I'd like the data beneath this line reproduced exactly, without any of its images.

EXERCISE DATA ->
[Start of Attachment]
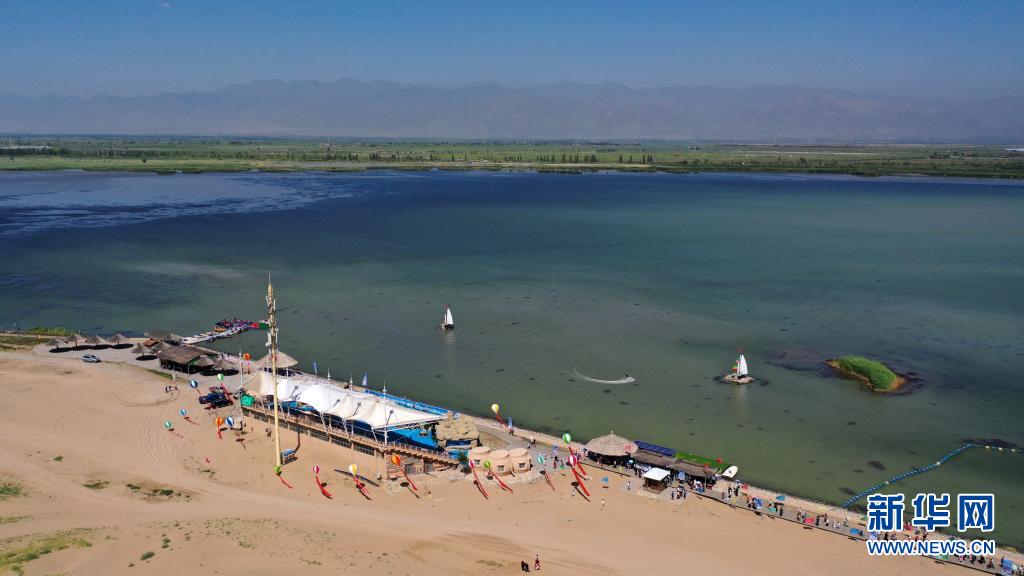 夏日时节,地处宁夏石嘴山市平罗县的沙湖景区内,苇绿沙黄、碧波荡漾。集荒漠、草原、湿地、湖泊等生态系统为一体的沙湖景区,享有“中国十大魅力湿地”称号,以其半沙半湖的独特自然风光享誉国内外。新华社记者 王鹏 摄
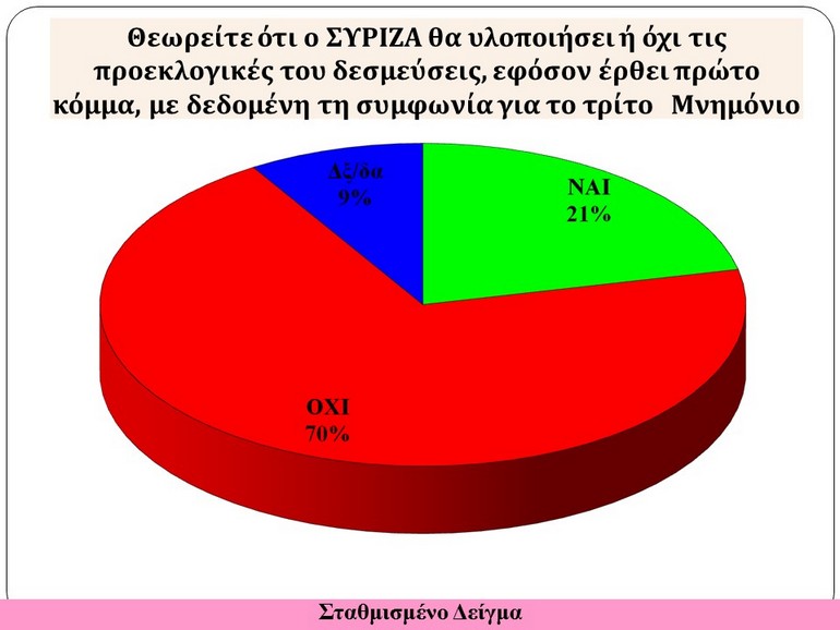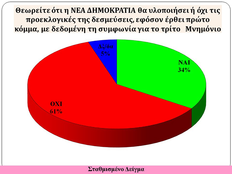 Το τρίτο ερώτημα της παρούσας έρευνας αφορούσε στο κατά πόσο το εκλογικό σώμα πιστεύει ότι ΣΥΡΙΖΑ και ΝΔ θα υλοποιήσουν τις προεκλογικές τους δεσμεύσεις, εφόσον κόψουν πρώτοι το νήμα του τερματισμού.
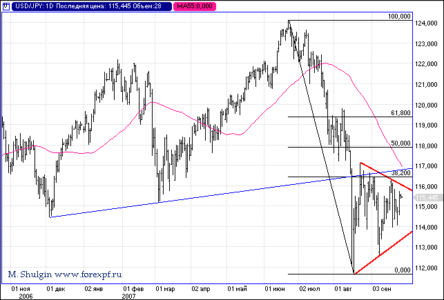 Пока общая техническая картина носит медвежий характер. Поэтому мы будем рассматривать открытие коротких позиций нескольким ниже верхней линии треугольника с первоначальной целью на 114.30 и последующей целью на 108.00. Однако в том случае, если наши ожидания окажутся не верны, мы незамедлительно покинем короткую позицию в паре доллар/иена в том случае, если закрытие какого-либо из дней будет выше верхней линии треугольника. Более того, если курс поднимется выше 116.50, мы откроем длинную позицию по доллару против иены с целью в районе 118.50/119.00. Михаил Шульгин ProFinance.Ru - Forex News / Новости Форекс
[End of Attachment]
RESPONSE AREA ->
 夏日时节,地处宁夏石嘴山市平罗县的沙湖景区内,苇绿沙黄、碧波荡漾。集荒漠、草原、湿地、湖泊等生态系统为一体的沙湖景区,享有“中国十大魅力湿地”称号,以其半沙半湖的独特自然风光享誉国内外。新华社记者 王鹏 摄
 Το τρίτο ερώτημα της παρούσας έρευνας αφορούσε στο κατά πόσο το εκλογικό σώμα πιστεύει ότι ΣΥΡΙΖΑ και ΝΔ θα υλοποιήσουν τις προεκλογικές τους δεσμεύσεις, εφόσον κόψουν πρώτοι το νήμα του τερματισμού.
 Пока общая техническая картина носит медвежий характер. Поэтому мы будем рассматривать открытие коротких позиций нескольким ниже верхней линии треугольника с первоначальной целью на 114.30 и последующей целью на 108.00. Однако в том случае, если наши ожидания окажутся не верны, мы незамедлительно покинем короткую позицию в паре доллар/иена в том случае, если закрытие какого-либо из дней будет выше верхней линии треугольника. Более того, если курс поднимется выше 116.50, мы откроем длинную позицию по доллару против иены с целью в районе 118.50/119.00. Михаил Шульгин ProFinance.Ru - Forex News / Новости Форекс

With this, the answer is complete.